--- EXTRACTED INFORMATION ---

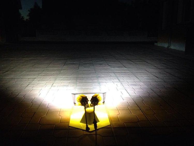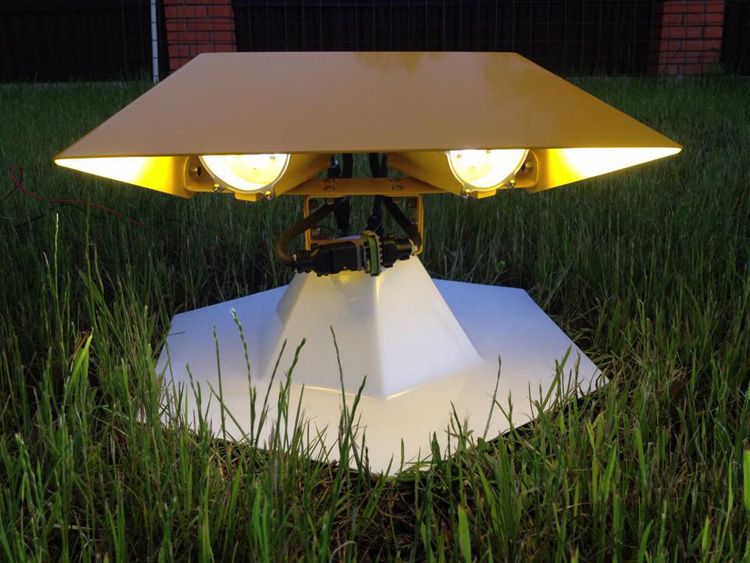 Получено равномерное освещение площадки без сильных пересветов в районе прожектора и паразитной подсветки окружающих строений. Пилотов не будет слепить совсем.
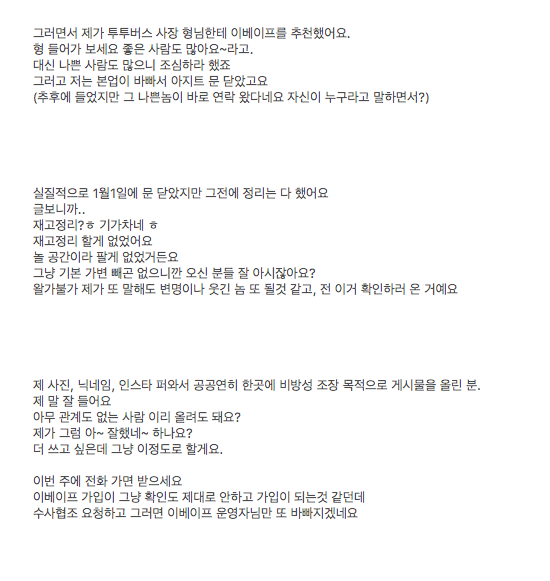 아 됐고 댓글이나 달아보세요 아니면 진짜 인보이스 올려보던가요 우리같은 이벺분들은 그 냠냠뿜뿜님땜에 뭐라한거에요 왜?? 아니인스타에 떡하니 친분이있는데 그러면 아 무조건 냠냠님이 혼자서 다해먹었을꺼야 이런생각으 누가합디까 그리고 브레드오씨나 슈빌 당신도 글싸지르고 잠수타지마세요 협박만 으리으리하게 올려놓고 아무런 피드백도없고 그러면 당연히 의심하는거 아닙니까? 그리고 저 글딱봐도 세분이서 할말 다써서 짜집기한거같은데 뭐 아니면말구요
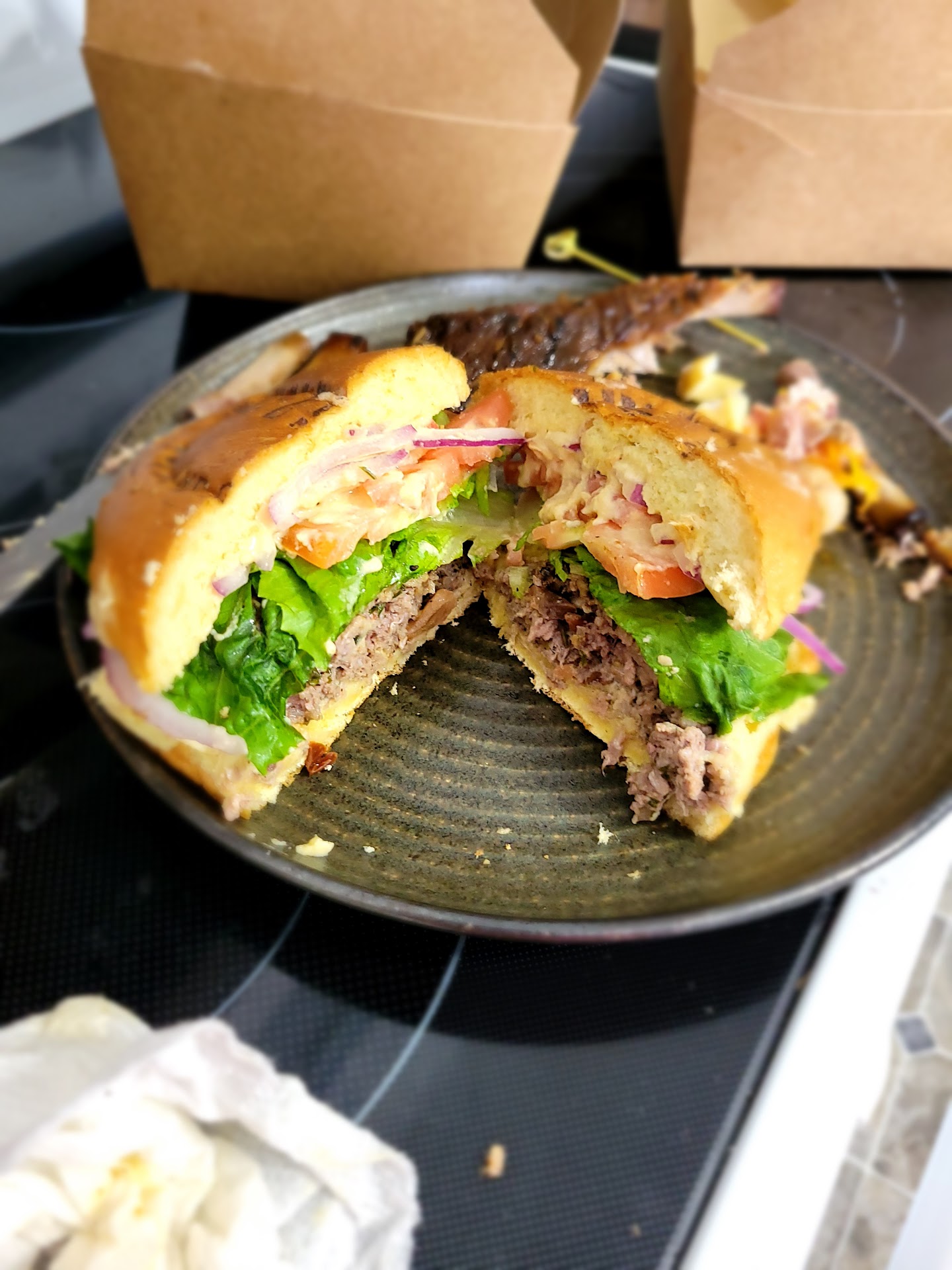 Read moreMust try new restaurant of west end Allentown! Great take out presentation. Tastes the way it looks. Smoked ribs tasted right off a smoker. It was flavorful with bold smoke. I thought I was eating it from a BBQ restaurant. Secondly tried the 3 little pigs. Only reason it look well done because had husband order it. Very juicy considering the wat my husbandordered it. 3 meat combo one meat did not over power another meat. Honestly perfect burger before or after a ball game. Hearty and filling. Lastly, tried the kefta burger. Tasted as it came from a mediterranean mother with an American twist. Definitely a homemade hummus on the burger. All around pleased even with take out. Both burgers were fresh not frozen ground meat. Food was made at a timely mannered didn't wait long even with grand opening. Will dine again!!
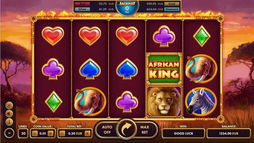 Prova la slot online African King gratis in modalità demo, senza download o registrazione.
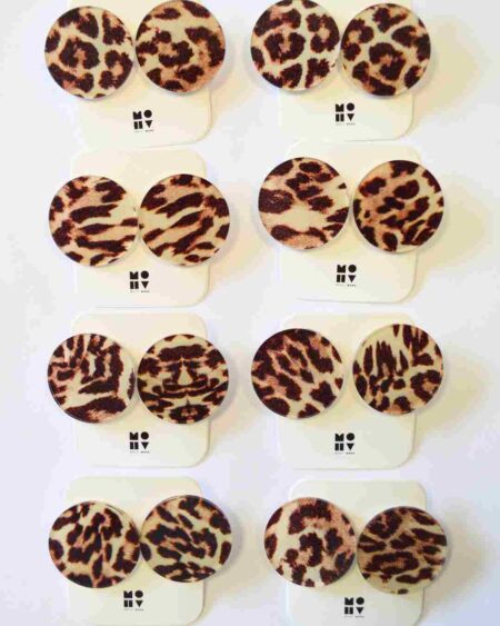 Brincos em animal print, inspirados na Scary Spice. São todos diferentes, selvagens e rebeldes. Irreverentes, cada um tem o seu próprio padrão, o rebuliço não se copia.

---

## INSTRUCTIONS TO FOLLOW
Lines from the start of the material through the line containing "아 됐고 댓글이나 달아보세요" are to be restated word for word; no picture may be included.

## RESULT FOR THIS EXERCISE
 Получено равномерное освещение площадки без сильных пересветов в районе прожектора и паразитной подсветки окружающих строений. Пилотов не будет слепить совсем.
 아 됐고 댓글이나 달아보세요 아니면 진짜 인보이스 올려보던가요 우리같은 이벺분들은 그 냠냠뿜뿜님땜에 뭐라한거에요 왜?? 아니인스타에 떡하니 친분이있는데 그러면 아 무조건 냠냠님이 혼자서 다해먹었을꺼야 이런생각으 누가합디까 그리고 브레드오씨나 슈빌 당신도 글싸지르고 잠수타지마세요 협박만 으리으리하게 올려놓고 아무런 피드백도없고 그러면 당연히 의심하는거 아닙니까? 그리고 저 글딱봐도 세분이서 할말 다써서 짜집기한거같은데 뭐 아니면말구요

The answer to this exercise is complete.